## [Work to complete]
Keep every word of the listing and drop the images when you write it out.
#### Exercise data ####
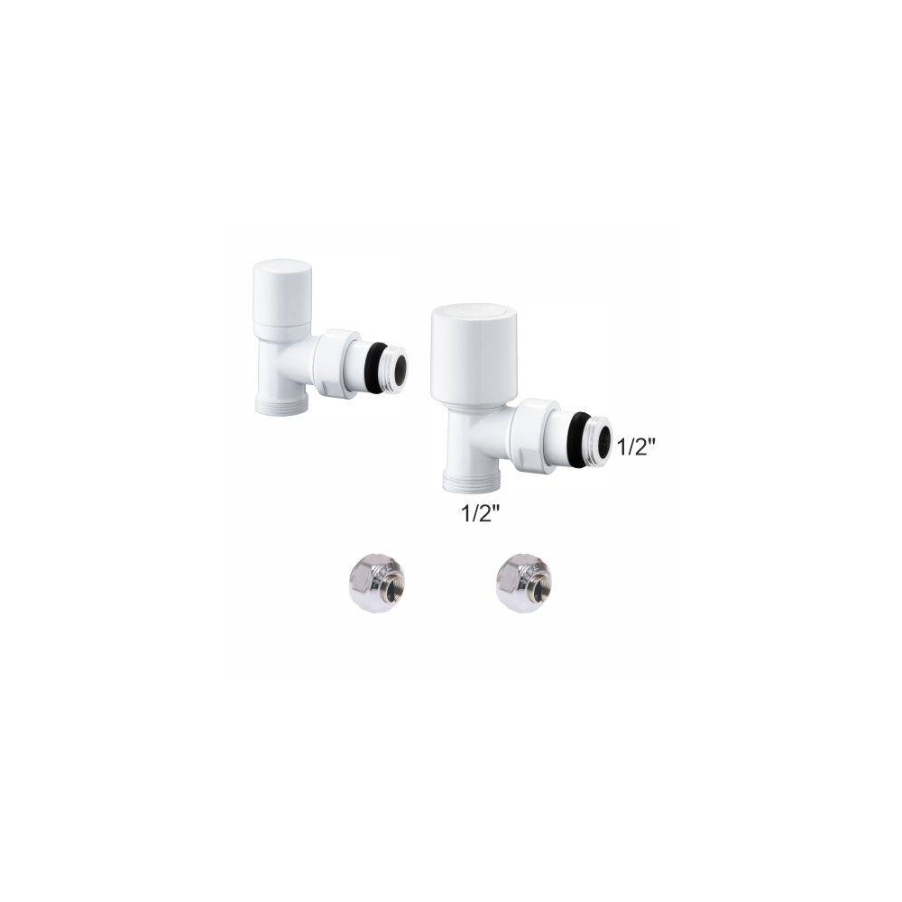 Kit valvole termostatiche bianche a squadra per radiatori con adattatori 1/2" x 1/2" tubo rame D. 14
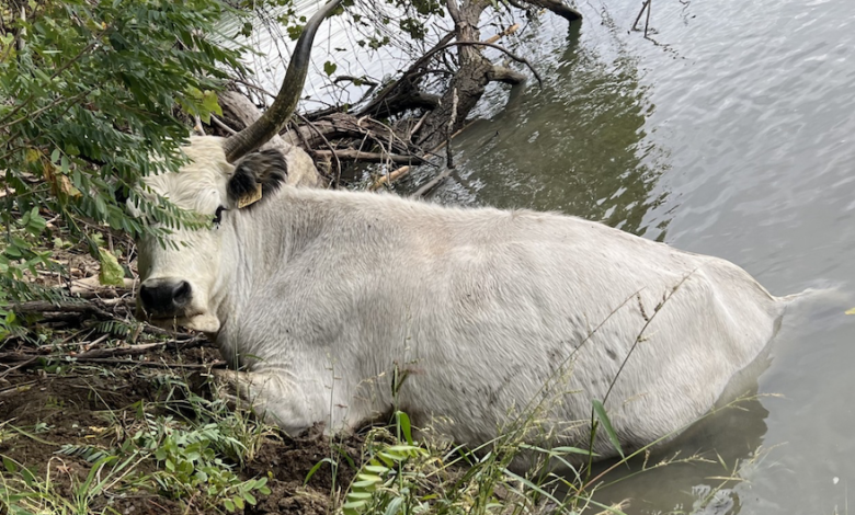 Bajba jutott szürkemarhát mentettek ki a Tiszából a csongrádi tűzoltók (galériával)
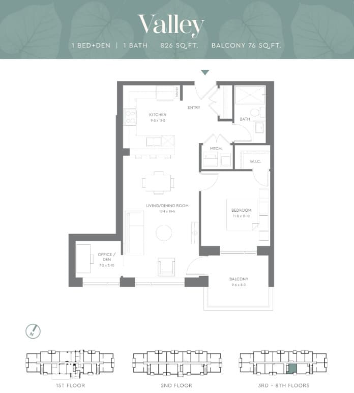 Valley - Floorplan Apartment Unit: 316Apartment Model: Valley$2,2501 Bedroom, 1 Bath, 826 sq ftAvailable Now2 Bedrooms
####
## [The answer]
 Kit valvole termostatiche bianche a squadra per radiatori con adattatori 1/2" x 1/2" tubo rame D. 14
 Bajba jutott szürkemarhát mentettek ki a Tiszából a csongrádi tűzoltók (galériával)
 Valley - Floorplan Apartment Unit: 316Apartment Model: Valley$2,2501 Bedroom, 1 Bath, 826 sq ftAvailable Now2 Bedrooms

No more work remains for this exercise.